Whitework embroidered blouse

A ridiculous amount of work went into this blouse which I made when I was at the peak of my loving satin stitch phase. It comforts me to muse on the fact that painters fall into these ruts of obsession all the time. Mark Rothko found his emotional needs satisfied in those blocks of deep colour, whose bleeding boundaries swallow vision to infinity. David Hockney has gone through a series of obsessions – Californian sunshine and swimming pools, canyons and double portraits giving way to multifarious images of the woods around Woldgate in East Yorkshire. I don’t compare myself to these painters’ eminence or achievements, I just take strength from the fact that they became fixated with playing about with one simple idea.

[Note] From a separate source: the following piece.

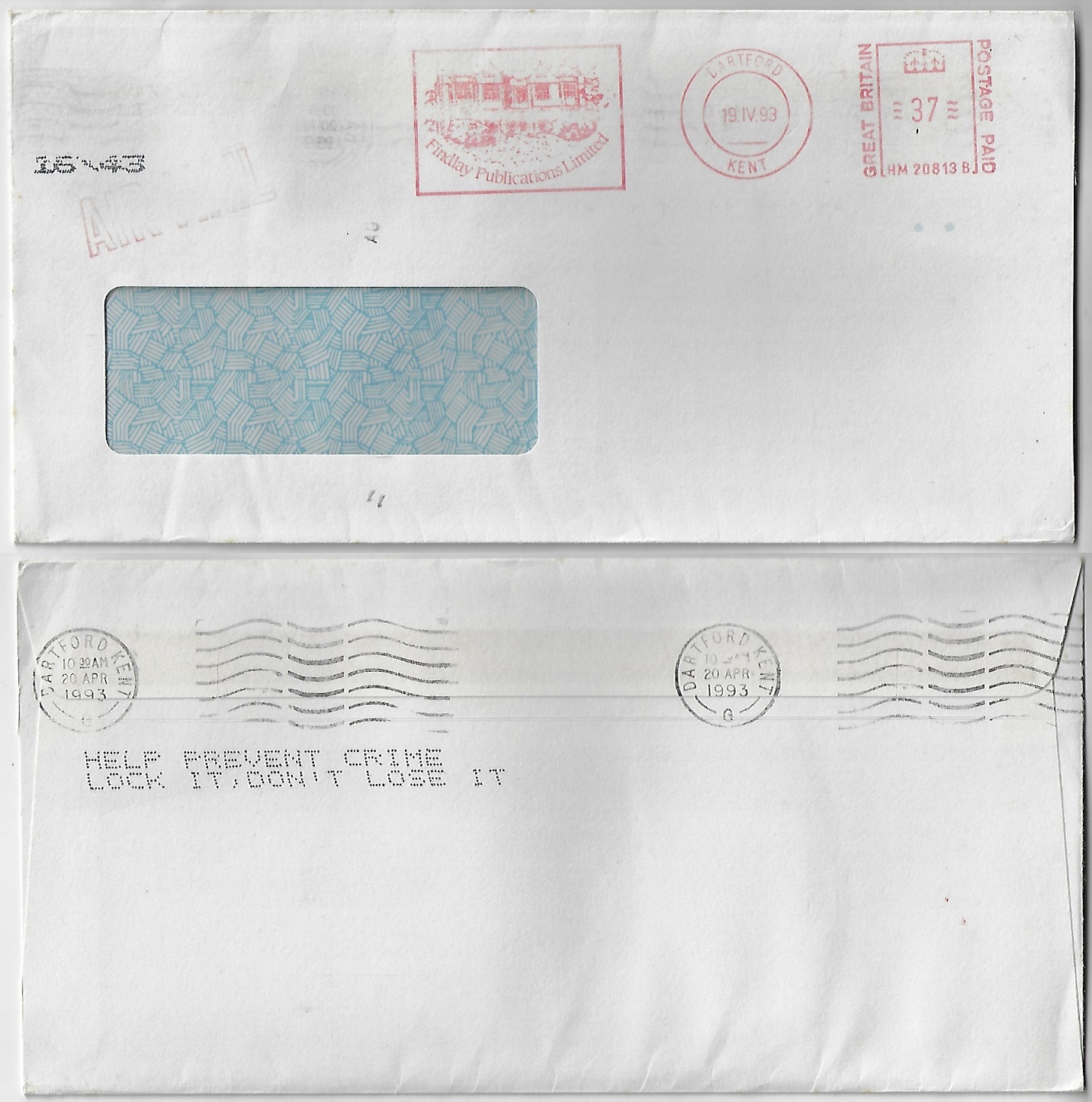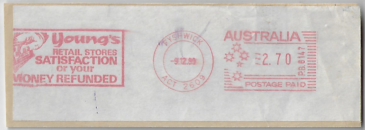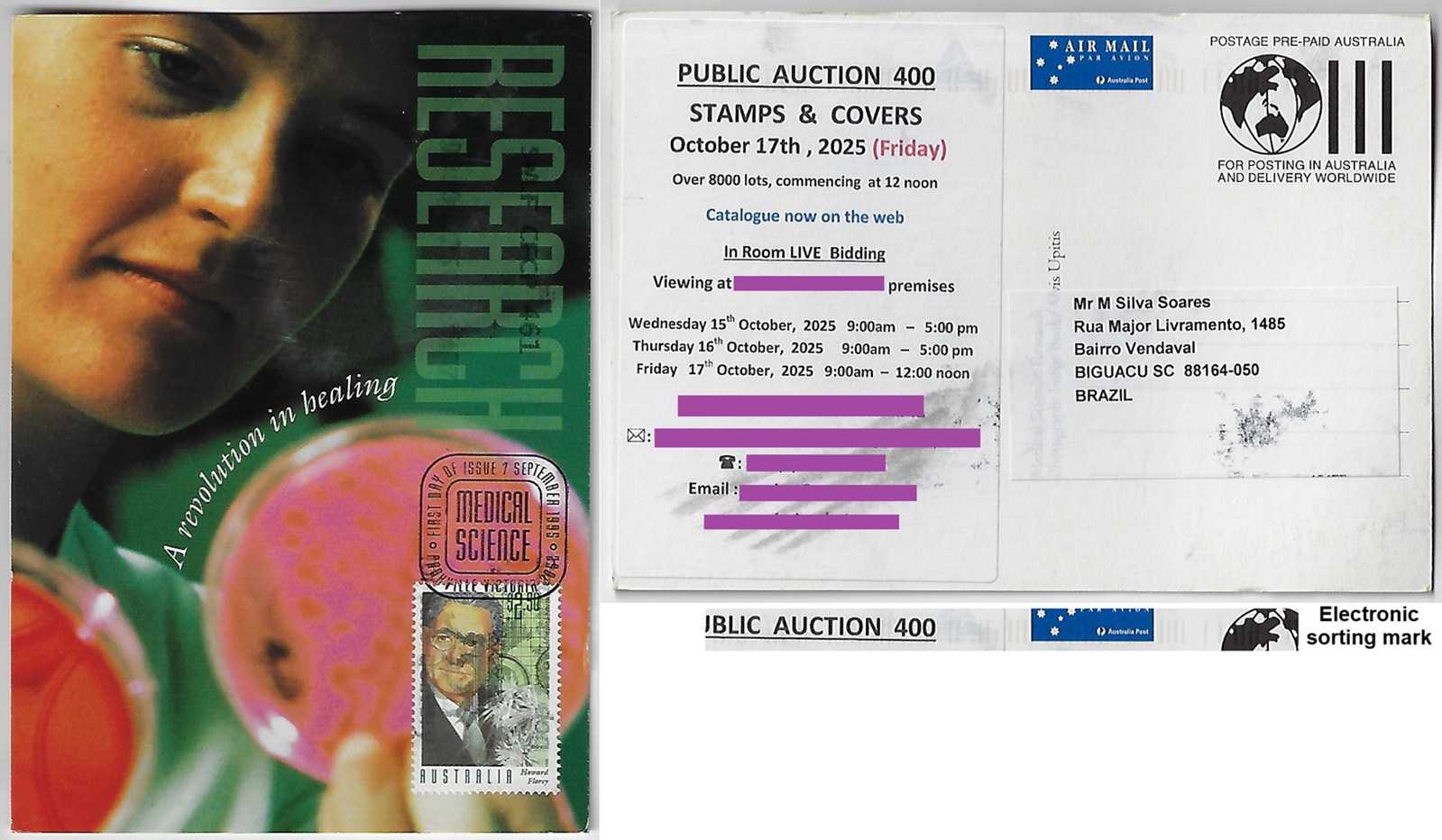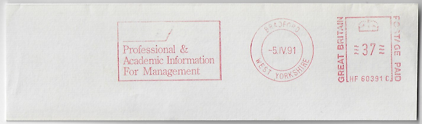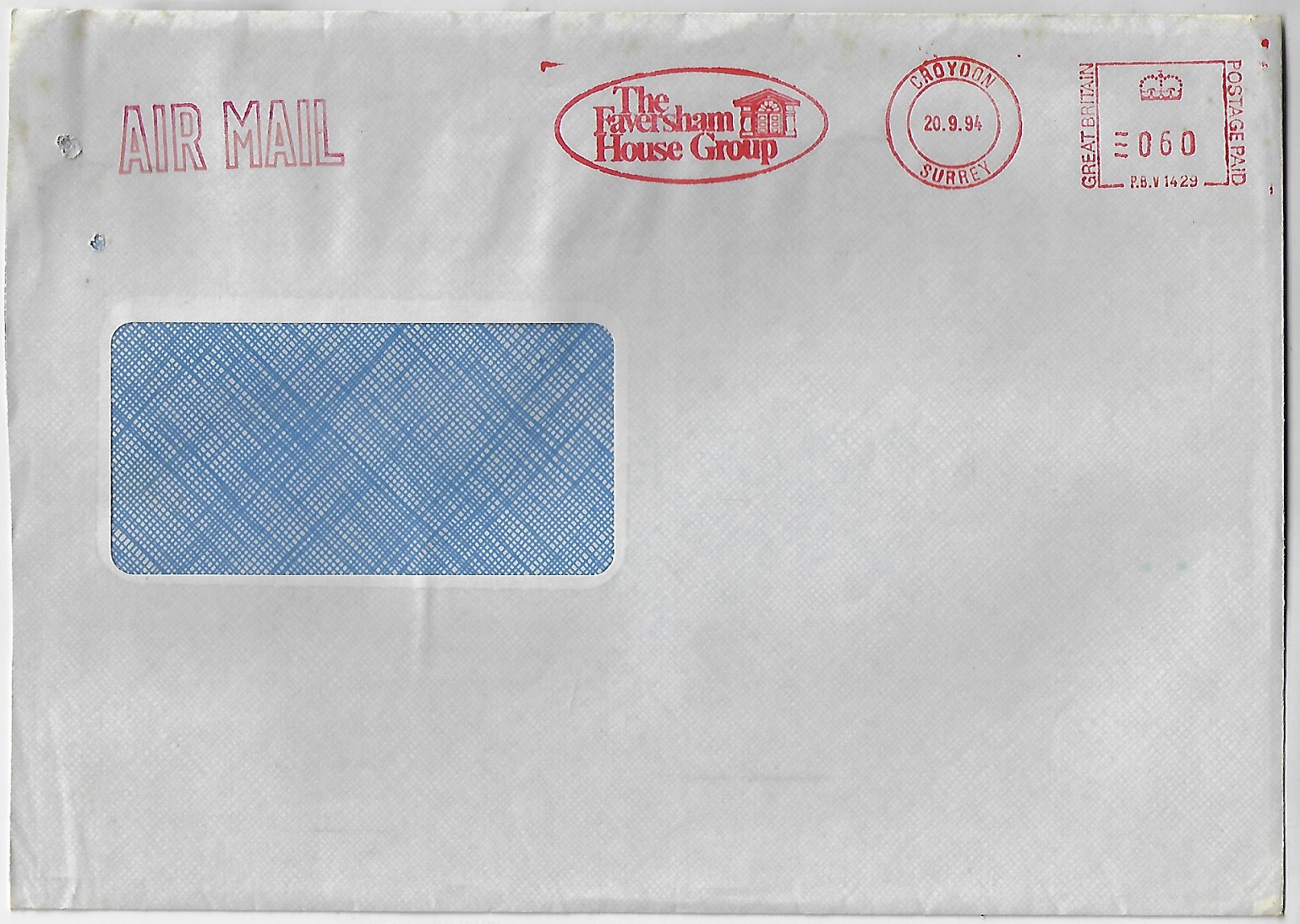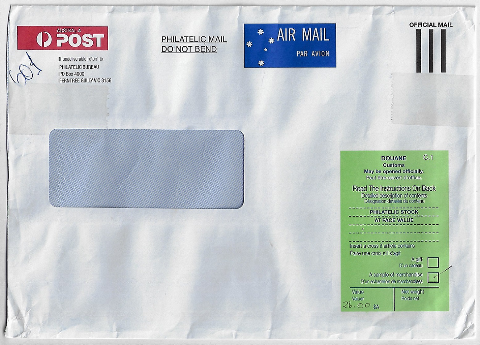 | 76309 | África do Sul, 1991, fragmento de envelope aéreo porteado com franquia mecânica Pitney Bowes-GB “5000” com slogan "Diretor de informações agrícolas", de Pretoria | 10,00 | Foto |

Whitework embroidered blouse partly unbuttoned to form soft revers

Whitework embroidered blouse unbuttoned to give draped revers

I started with wanting to decorate the double breasted front of a confederate style blouse I had designed. Doodlings on paper produced the rough idea of what you see in the photographs. I could have achieved this in any number of quicker stitches, like chain or stem stitches,  but I longed for the sheen of the smooth embroidery thread on the slightly knobbly silk crepe de chine and the way it caught the light.  This contrast of textures always seems one of the most luscious aspects of whitework to me and in its execution there was something liberating about letting the width of the line vary as you sew. Initially I drew a single line, with pencil never leaving the fabric, until it wound into the middle of the rectangle of fabric like a wonky, curvy Greek key design. Using this as the bottom line of satin stitch, I varied its width as seemed pleasing as I went along. This was very satisfying and, by the time I’d embroidered the front and two sleeves,  pretty good for my satin stitch technique.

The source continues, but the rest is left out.